_EXERCISE INSTRUCTIONS_. The records that follow are to be given again exactly. Do not carry over any image.

[Stored items]
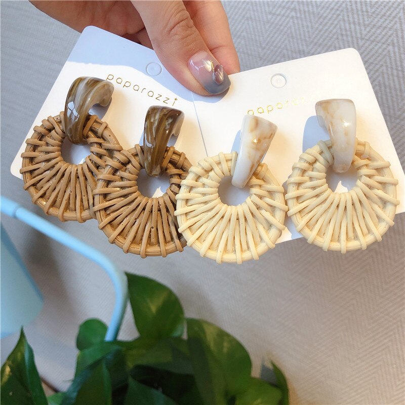 Summer Bohemia Simple Beige Brown Bamboo weave Statement Drop Earrings For Women Fashion Geometric Dangle Earring bijoux brincos
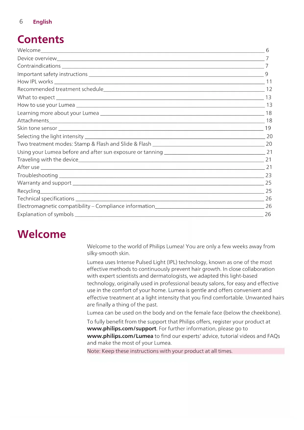 English Contents Welcome__________________________________________________________________________________ 6 Device overview____________________________________________________________________________ 7 Contraindications __________________________________________________________________________ 7 Important safety instructions ________________________________________________________________ 9 How IPL works _____________________________________________________________________________ 11 Recommended treatment schedule___________________________________________________________ 12 What to expect ____________________________________________________________________________ 13 How to use your Lumea _____________________________________________________________________ 13 Learning more about your Lumea ____________________________________________________________ 18 Attachments_______________________________________________________________________________ 18 Skin tone sensor ___________________________________________________________________________ 19 Selecting the light intensity __________________________________________________________________ 20 Two treatment modes: Stamp & Flash and Slide & Flash _________________________________________ 20 Using your Lumea before and after sun exposure or tanning _____________________________________ 21 Traveling with the device____________________________________________________________________ 21 After use __________________________________________________________________________________ 21 Troubleshooting ___________________________________________________________________________ 23 Warranty and support ______________________________________________________________________ 25 Recycling__________________________________________________________________________________ 25 Technical specifications _____________________________________________________________________ 26 Electromagnetic compatibility – Compliance information________________________________________ 26 Explanation of symbols _____________________________________________________________________ 26 Welcome Welcome to the world of Philips Lumea! You are only a few weeks away from silky-smooth skin. Lumea uses Intense Pulsed Light (IPL) technology, known as one of the most effective methods to continuously prevent hair growth. In close collaboration with expert scientists and dermatologists, we adapted this light-based technology, originally used in professional beauty salons, for easy and effective use in the comfort of your home. Lumea is gentle and offers convenient and effective treatment at a light intensity that you find comfortable. Unwanted hairs are finally a thing of the past. Lumea can be used on the body and on the female face (below the cheekbone). To fully benefit from the support that Philips offers, register your product at www.philips.com/support. For further information, please go to www.philips.com/Lumea to find our experts' advice, tutorial videos and FAQs and make the most of your Lumea. Note: Keep these instructions with your product at all times.7 English Device overview 1 Light exit window (with integrated UV filter) 2 Attachments a Body attachment b Face attachment (SC1997, SC1998 and SC1999) c Bikini attachment (SC1998, SC1999) 3 Reflector inside the attachment 4 Integrated safety system 5 Skin tone sensor 6 Electronic contacts 7 Flash button 8 Opening for electronic contacts 9 On/off and light intensity setting button 10 Intensity lights 11 'READY to flash' light 12 Air vents 13 Device socket 14 Adapter 15 Small plug 16 Pouch (not shown) 17 Cleaning cloth (not shown) Contraindications Conditions Never use the device:
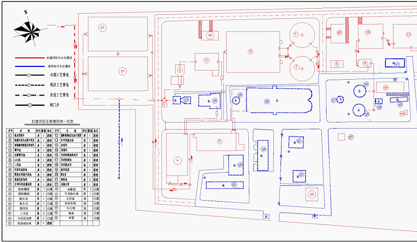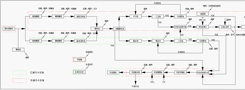 主要建设内容包括对现有沉砂池与氧化沟配水井之间进行改造,共用扩建污水处理线的调节池及酸化水解池,二沉池出水并入扩建污水处理线的深度处理部分进行深度净化;一期工程污泥进入扩建污水处理线的污泥处理间进行处理。二期工程新建格栅间及污水提升泵房、细格栅和旋流沉砂池间、调节池、水解酸化池、AA/O池、二沉池、消毒间、污泥回流泵池、污泥脱水间、污泥浓缩池、鼓风机房、深度处理提升泵池、高效沉淀池间、反硝化深床滤池间、接触消毒池及出水计量槽、反冲洗废水池、加药间、事故池等。
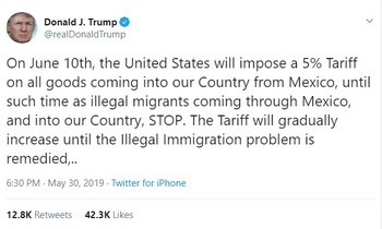 "El 10 de junio, los Estados Unidos impondrán un arancel 5% a todos los bienes que entran en nuestro país desde México, hasta el momento en que los migrantes ilegales que llegan a través de México paren. La tarifa aumentará gradualmente hasta que se solucione el problema de la inmigración ilegal", anunció Trump en Twitter y afirmó que la cifra del arancel se incrementará gradualmente mientras México no tome medidas en materia migratoria.
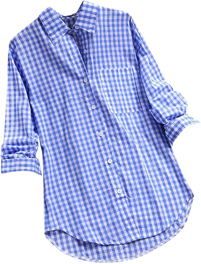 Vecdy Damen Pullover Frauen Bluse Lose Karierte Langarmtaschen In Ubergrosse Tanic Bluse Mode Tops Sweatshirt Casual Tshirts Amazon De Bekleidung
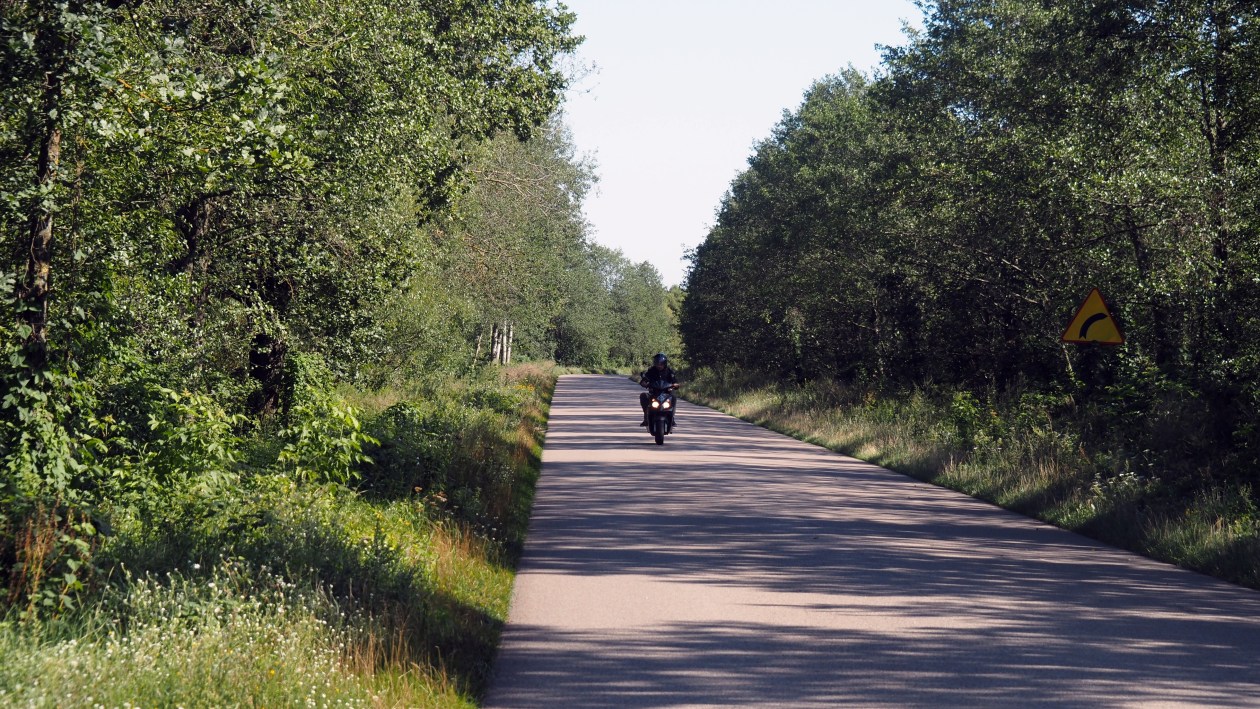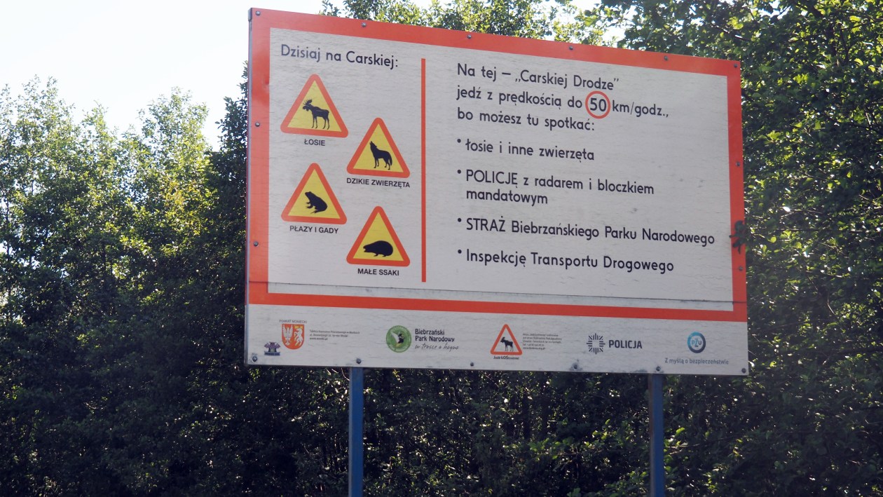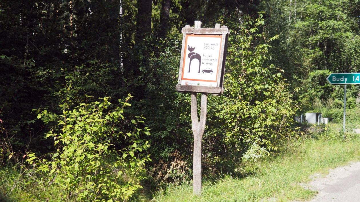 14.08.25 Jetzt ging es auf dem schnurgeraden, wenig befahrenen Zarenweg weiter, den mal der Zar durch den Sumpf hat bauen lassen, um vermutlich die okkupierten polnischen Gebiete besser sichern zu können. Er führt wie schon erwähnt durch den Nationalpark Biebrzanski Park Narodowy [Bilder], ist eine auch für Autos geschwindigkeitsbegrenzt freigegebene Radroute mit ausgezeichnetem Belag und wenig Verkehr. Dichter sumpfiger Wald auf beiden Seite, dann mal eine größere Lücke mit freier Sicht über eine offene Sumpflandschaft. Und immer wieder dramatische Warnungen vor Elchen, von denen ich keinen einzigen sah…
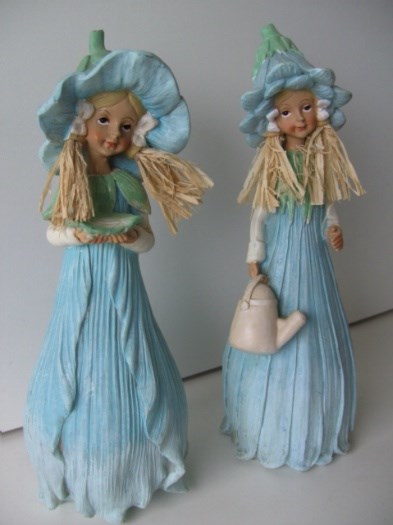 Dit prachtige beeldjes 1 meisje draagt een gieter en het andere een blad.
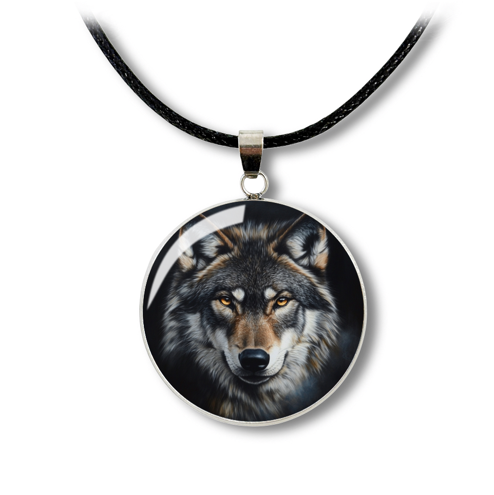 Tento okouzlující náhrdelník s motivem majestátního vlka je dokonalým kouskem pro všechny, kdo obdivují sílu a krásu přírody. Vlka, zachyceného v realistickém stylu, obklopují nádherné barvy. Jeho srst ve odstínech šedé a hnědé se hladce mísí s tmavým pozadím, zatímco jeho pronikavé, zlatožluté oči přitahují pohled a vyzařují tajemství a sílu.
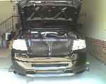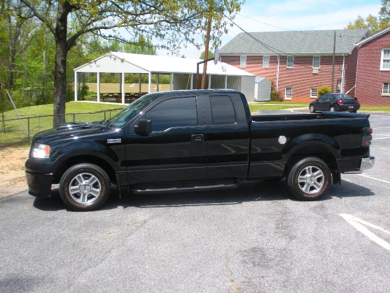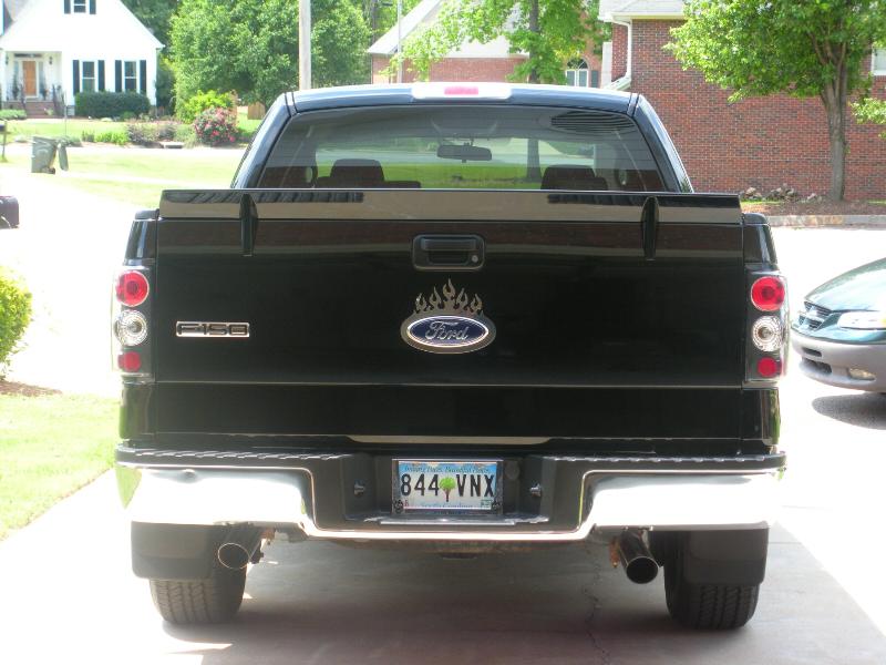 Roush chin spoiler, Roush hood scoop, Roush Tailgate spoiler, Black Nerf Bars, Husky molded mud flaps, 9" stubby antenna with flames etched in, Stainless flamed grill and stainless flames on tailgate. Stainless fuel door. Under truck neons (Blue)Black Altezza Tail lights. Full Tinted windows. Blue H.I.D head lamps, Bosch pivotless wiper blades
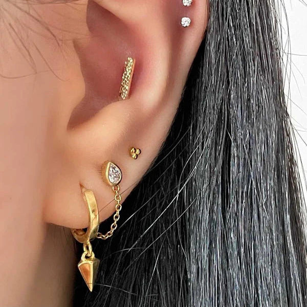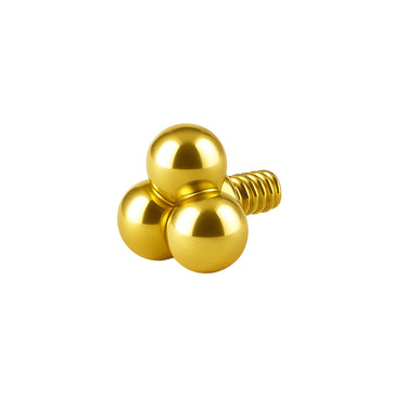 Topp till piercing i äkta guld. Piercingsmycket har ett motiv av tre små kulor och passar till 1.2 mm invändigt gängade stavar med gängor på 0.8 mm.

_COMPLETED TASK_.
 Summer Bohemia Simple Beige Brown Bamboo weave Statement Drop Earrings For Women Fashion Geometric Dangle Earring bijoux brincos
 English Contents Welcome__________________________________________________________________________________ 6 Device overview____________________________________________________________________________ 7 Contraindications __________________________________________________________________________ 7 Important safety instructions ________________________________________________________________ 9 How IPL works _____________________________________________________________________________ 11 Recommended treatment schedule___________________________________________________________ 12 What to expect ____________________________________________________________________________ 13 How to use your Lumea _____________________________________________________________________ 13 Learning more about your Lumea ____________________________________________________________ 18 Attachments_______________________________________________________________________________ 18 Skin tone sensor ___________________________________________________________________________ 19 Selecting the light intensity __________________________________________________________________ 20 Two treatment modes: Stamp & Flash and Slide & Flash _________________________________________ 20 Using your Lumea before and after sun exposure or tanning _____________________________________ 21 Traveling with the device____________________________________________________________________ 21 After use __________________________________________________________________________________ 21 Troubleshooting ___________________________________________________________________________ 23 Warranty and support ______________________________________________________________________ 25 Recycling__________________________________________________________________________________ 25 Technical specifications _____________________________________________________________________ 26 Electromagnetic compatibility – Compliance information________________________________________ 26 Explanation of symbols _____________________________________________________________________ 26 Welcome Welcome to the world of Philips Lumea! You are only a few weeks away from silky-smooth skin. Lumea uses Intense Pulsed Light (IPL) technology, known as one of the most effective methods to continuously prevent hair growth. In close collaboration with expert scientists and dermatologists, we adapted this light-based technology, originally used in professional beauty salons, for easy and effective use in the comfort of your home. Lumea is gentle and offers convenient and effective treatment at a light intensity that you find comfortable. Unwanted hairs are finally a thing of the past. Lumea can be used on the body and on the female face (below the cheekbone). To fully benefit from the support that Philips offers, register your product at www.philips.com/support. For further information, please go to www.philips.com/Lumea to find our experts' advice, tutorial videos and FAQs and make the most of your Lumea. Note: Keep these instructions with your product at all times.7 English Device overview 1 Light exit window (with integrated UV filter) 2 Attachments a Body attachment b Face attachment (SC1997, SC1998 and SC1999) c Bikini attachment (SC1998, SC1999) 3 Reflector inside the attachment 4 Integrated safety system 5 Skin tone sensor 6 Electronic contacts 7 Flash button 8 Opening for electronic contacts 9 On/off and light intensity setting button 10 Intensity lights 11 'READY to flash' light 12 Air vents 13 Device socket 14 Adapter 15 Small plug 16 Pouch (not shown) 17 Cleaning cloth (not shown) Contraindications Conditions Never use the device:
 主要建设内容包括对现有沉砂池与氧化沟配水井之间进行改造,共用扩建污水处理线的调节池及酸化水解池,二沉池出水并入扩建污水处理线的深度处理部分进行深度净化;一期工程污泥进入扩建污水处理线的污泥处理间进行处理。二期工程新建格栅间及污水提升泵房、细格栅和旋流沉砂池间、调节池、水解酸化池、AA/O池、二沉池、消毒间、污泥回流泵池、污泥脱水间、污泥浓缩池、鼓风机房、深度处理提升泵池、高效沉淀池间、反硝化深床滤池间、接触消毒池及出水计量槽、反冲洗废水池、加药间、事故池等。
 "El 10 de junio, los Estados Unidos impondrán un arancel 5% a todos los bienes que entran en nuestro país desde México, hasta el momento en que los migrantes ilegales que llegan a través de México paren. La tarifa aumentará gradualmente hasta que se solucione el problema de la inmigración ilegal", anunció Trump en Twitter y afirmó que la cifra del arancel se incrementará gradualmente mientras México no tome medidas en materia migratoria.
 Vecdy Damen Pullover Frauen Bluse Lose Karierte Langarmtaschen In Ubergrosse Tanic Bluse Mode Tops Sweatshirt Casual Tshirts Amazon De Bekleidung
 14.08.25 Jetzt ging es auf dem schnurgeraden, wenig befahrenen Zarenweg weiter, den mal der Zar durch den Sumpf hat bauen lassen, um vermutlich die okkupierten polnischen Gebiete besser sichern zu können. Er führt wie schon erwähnt durch den Nationalpark Biebrzanski Park Narodowy [Bilder], ist eine auch für Autos geschwindigkeitsbegrenzt freigegebene Radroute mit ausgezeichnetem Belag und wenig Verkehr. Dichter sumpfiger Wald auf beiden Seite, dann mal eine größere Lücke mit freier Sicht über eine offene Sumpflandschaft. Und immer wieder dramatische Warnungen vor Elchen, von denen ich keinen einzigen sah…
 Dit prachtige beeldjes 1 meisje draagt een gieter en het andere een blad.
 Tento okouzlující náhrdelník s motivem majestátního vlka je dokonalým kouskem pro všechny, kdo obdivují sílu a krásu přírody. Vlka, zachyceného v realistickém stylu, obklopují nádherné barvy. Jeho srst ve odstínech šedé a hnědé se hladce mísí s tmavým pozadím, zatímco jeho pronikavé, zlatožluté oči přitahují pohled a vyzařují tajemství a sílu.
 Roush chin spoiler, Roush hood scoop, Roush Tailgate spoiler, Black Nerf Bars, Husky molded mud flaps, 9" stubby antenna with flames etched in, Stainless flamed grill and stainless flames on tailgate. Stainless fuel door. Under truck neons (Blue)Black Altezza Tail lights. Full Tinted windows. Blue H.I.D head lamps, Bosch pivotless wiper blades
 Topp till piercing i äkta guld. Piercingsmycket har ett motiv av tre små kulor och passar till 1.2 mm invändigt gängade stavar med gängor på 0.8 mm.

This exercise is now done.